The National Review's Candidate Won't Stop Digging

It is days like today that make me thankful I think they all suck. At least I’m thankful I’m in the firmly not Romney camp.

Having told us only Romney was viable (with half-nods to Huntsman and Santorum) and having trotted out Elliot Abrams to smear Newt Gingrich with out of context quotes, even National Review is having trouble defending their candidate today.


This morning Mitt Romney said he wasn’t concerned about the poor. The poor, after all, have food stamps and Medicaid. But don’t worry. If the safety net is broken, Patrician Mitt Romney will fix it so the poor can stay comfortably poor. After all, just look what he did in Massachusetts. The poor can now wait 44 days to get in to see a doctor. Excelsior!

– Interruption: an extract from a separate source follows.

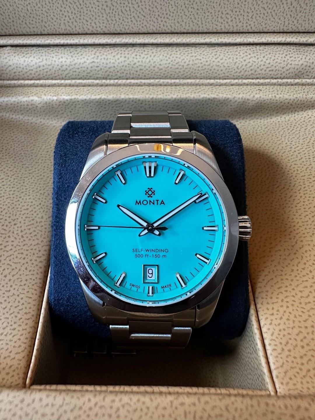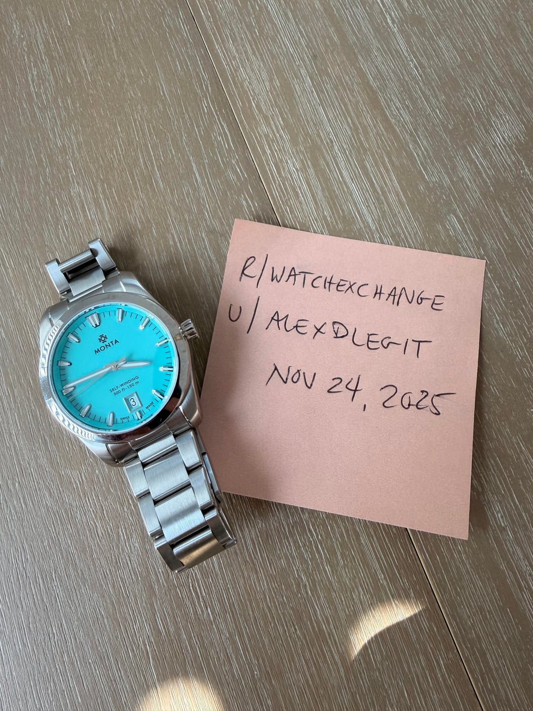 Hello r/watchexchange, for sale here is my Monta Noble Turquoise. This watch was a limited edition of 100 and is now sold out. OEM listing (of the blue dial version): https://montawatch.com/products/monta-noble-blue-dial Included: Watch, full links, original box, and all original materials. Condition: Excellent - no marks on glass, no notable marks on the case. This watch was worn less than 10 times. Photos & timestamp above Price: $1️⃣2️⃣0️⃣0️⃣ OBO including shipping Payment: Venmo F&F, PayPal F&F, or Zelle No trades at this time

After making sure we all understood the poor were for the Democrats to be worried about, Romney decided to keep digging his hole even bigger. By the end of the day, Jim DeMint had to rebuke him.

Romney, digging his hole deeper, said his remark needed more context. The context, according to Romney, is that we have government programs to keep the poor . . . well . . . poor but comfortable:

We do have a very ample safety net in America, with Medicaid, housing vouchers, food stamps, earned income tax credit. We have a number of ways of helping the poor. And yet my focus and the area that I think is the greatest challenge that the country faces right now is not, is not to focus our effort on how we help the poor as much as to focus our effort on how to help the middle class in America.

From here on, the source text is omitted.